Free agent
- Pitcher
- Born: September 15, 1996 (age 29) Sandino, Cuba
- Bats: RightThrows: Right

MLB debut
- July 23, 2023, for the Atlanta Braves

MLB statistics (through 2025 season)
- Win–loss record: 8–3
- Earned run average: 3.38
- Strikeouts: 65
- Stats at Baseball Reference

Teams
- Atlanta Braves (2023–2025);

= Daysbel Hernández =

Cuban baseball player (born 1996)

Daysbel Hernández (born September 15, 1996) is a Cuban professional baseball pitcher who is a free agent. He has previously played in Major League Baseball (MLB) for the Atlanta Braves.

==Career==
Hernández signed with the Atlanta Braves as an international free agent on September 14, 2017. He made his professional debut in 2018, splitting the year between the Single–A Rome Braves and High–A Florida Fire Frogs, for whom he accumulated a 4.50 earned run average (ERA) with 36 strikeouts across 21 games.

Hernández returned to Florida in 2019, making 35 relief outings and logging a 1.71 ERA with 70 strikeouts and 7 saves. He did not play in a game in 2020 due to the cancellation of the minor league season because of the COVID-19 pandemic. Hernández returned to action in 2021 with the Double–A Mississippi Braves and Triple–A Gwinnett Stripers. He made 36 relief appearances for the two affiliates, recording a 3.83 ERA with 58 strikeouts and 3 saves across 42 1/3 innings pitched.

Hernández missed the entirety of the 2022 season, while recovering from Tommy John surgery. Hernández began the 2023 season with High–A Rome, where he made six appearances, logging a 2–0 record and 8.64 ERA before being promoted to Double–A Mississippi. Prior to his promotion, Hernández recorded a 0.00 ERA with 26 strikeouts and only four hits allowed between Mississippi and Triple–A Gwinnett.

On July 23, 2023, the Braves promoted Hernández to the major leagues for the first time, and he made his debut later that day against the Milwaukee Brewers. In his debut, Hernández pitched an inning in relief, recording three strikeouts and earning his first career win. On August 2, Hernández was placed on the 15-day injured list with right forearm inflammation. He was transferred to the 60–day injured list on September 11. He ended the regular season having pitched 3 2/3 innings across four appearances for the Braves, recording three earned runs on six hits and three walks. Hernández was activated from the injured list and added to the Braves' roster for the 2023 National League Division Series against the Philadelphia Phillies.

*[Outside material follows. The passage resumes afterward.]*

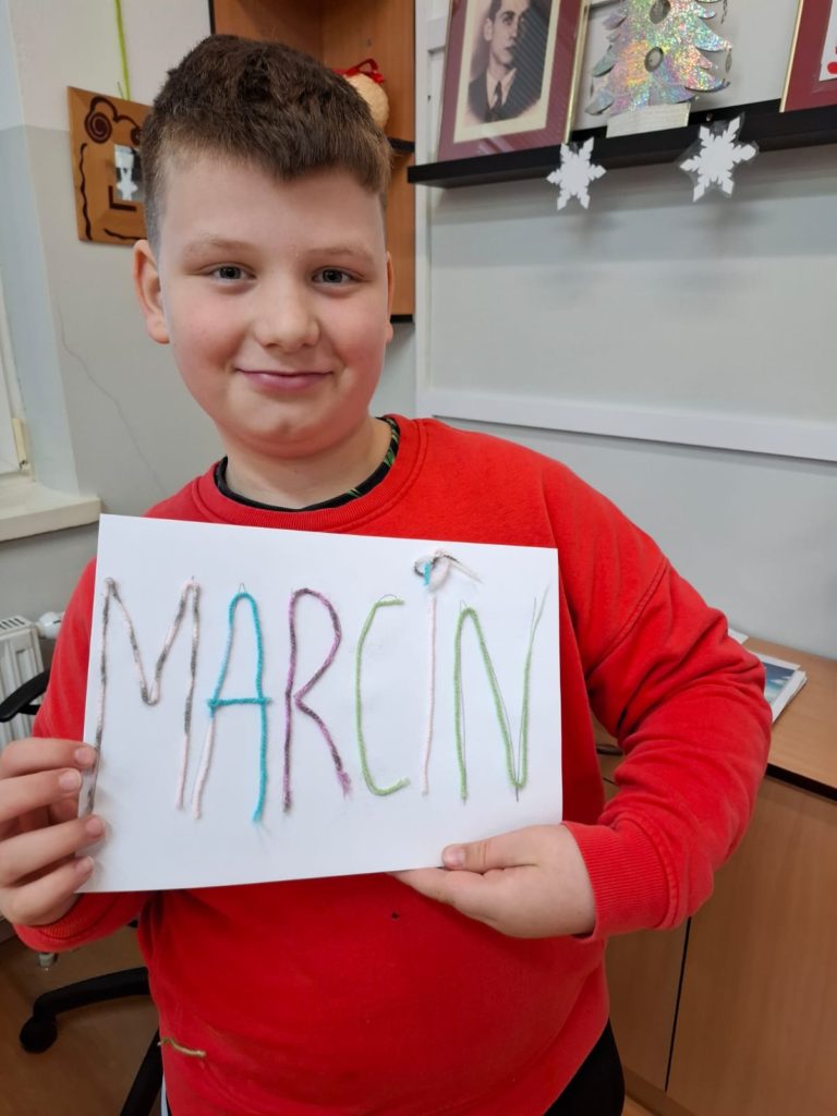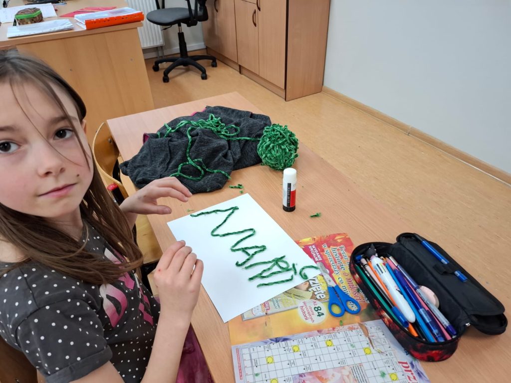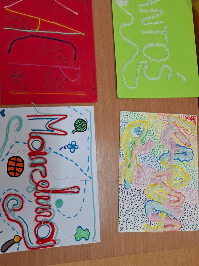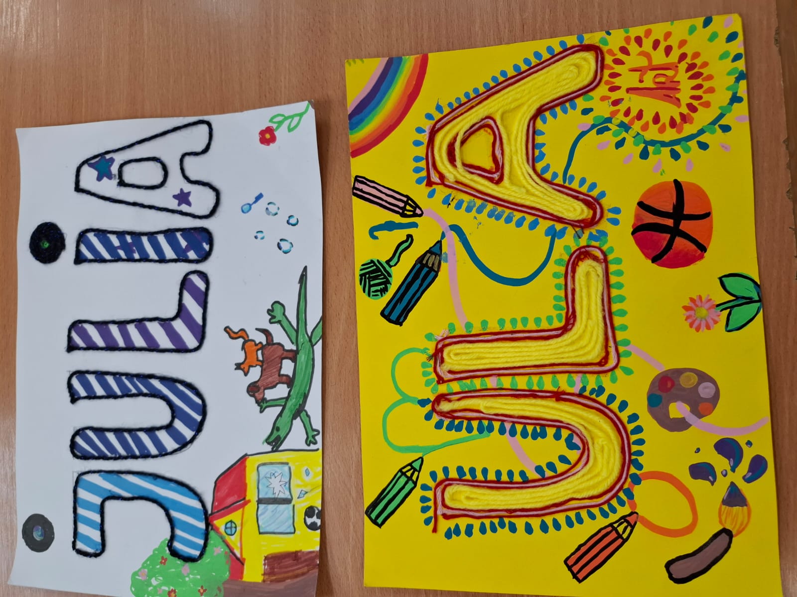 Każde dziecko napisało na dużej kartce swoje imię, a następnie podpisy zostały ozdobione włóczką, wełną, nićmi. Wszyscy dbali o to, aby starannie i dokładnie wykaligrafować swoje imię.

Hernández was optioned to Triple–A Gwinnett to begin the 2024 season. He made 16 appearances out of the bullpen for Atlanta over the course of the season, registering a 3–0 record and 2.50 ERA with 26 strikeouts over 18 innings of work.

Hernández made 39 relief appearances for the Braves during the 2025 campaign, in which he compiled a 4–3 record and 3.41 ERA with 33 strikeouts over 37 innings of work. On September 12, Hernández was placed on the injured list due to right shoulder inflammation. He was transferred to the 60-day injured list on September 21, officially ending his season.

Hernández began the 2026 season with Triple-A Gwinnett, logging a 5.06 ERA with 26 strikeouts and one save in 22 games. On July 7, 2026, Hernández was released by the Braves.